# Fellow Jin Jung Kwan students/teachers?



## Royers (Nov 13, 2011)

Are there any others on the board here that are affiliated with Jin Jung Kwan out there?  Our kwan seems to be a little underrepresented here.


----------



## oftheherd1 (Nov 14, 2011)

All Kwans seem to be under-represented here. I studied Soong Moo Kwan. Ours may be similar, but I don't know. Where did/do you study?

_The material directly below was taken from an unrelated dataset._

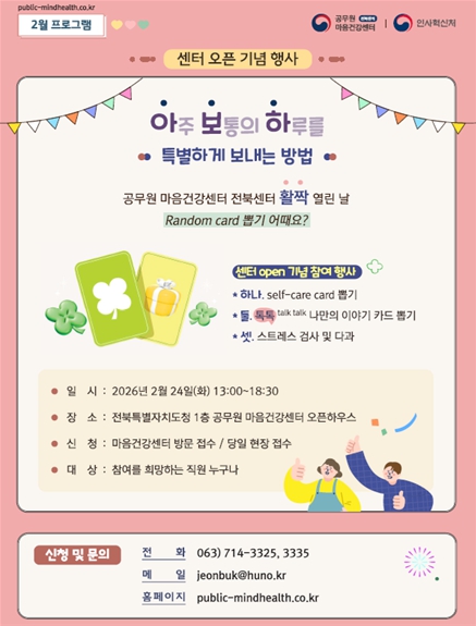 공무원 마음건강센터는 '공무원 재해보상법' 제46·47조 및 시행령 제57조에 근거해 인사혁신처가 민간 심리상담 전문기관(휴노)에 위탁 운영하는 기관이다. 서울(2008년)을 시작으로 전국에 순차 설치돼 온 이 센터는 이번 전북센터 개소로 전국 11번째 거점을 확보하게 됐다. 도청 1층 전 법률상담실을 리모델링해 올해 2월 공사를 완료한 뒤 약 2주간의 준비 기간을 거쳐 문을 열었다.

Anyway, welcome to MT and this forum.


----------



## Royers (Nov 14, 2011)

I study with an organization called Hapkido USA, in SW Missouri.  GM Kim Myung Yong who founded Jin Jung Kwan was a student of Dojunim Ji Han Jae, and started the kwan with the intention of teaching just as he was taught by Doju Ji.


----------



## Yomi (Oct 18, 2012)

My husband is a Jin Jung Kwan instructor, as well as a member of the American Korean Martial Arts Federation (AKMAF), in San Antonio, TX.  He is a Second Dan Blackbelt and trained under GM Rhoades, President of Jin Jung Kwan Hapkido-USA, Inc. He still goes up to MO for instructor trainings.  He is also a franchise owner and will hopefully be opening a school here within the next year.  He isn't registered on here, but may be found via the JJK Hapkido-USA Inc. website.  Www.hapkido-usa.com. 

Best of luck to you Royers; enjoy your training.


----------



## Royers (Oct 18, 2012)

Nice to make your acquaintance.  We are familiar with your schoolsince our instructor is a student of GM Rhodes as well.  We took vacation last summer and were gonna get with our instructor to make a call to see if we could drop in for a class and make sure it was oksince we were gonna go to SA,  being that everyone is in the same org we didn't figure it'd be a problem.  We ended up going somewhere else though.  Good luck to you guys and hope to see you in Wentzville sometime.


----------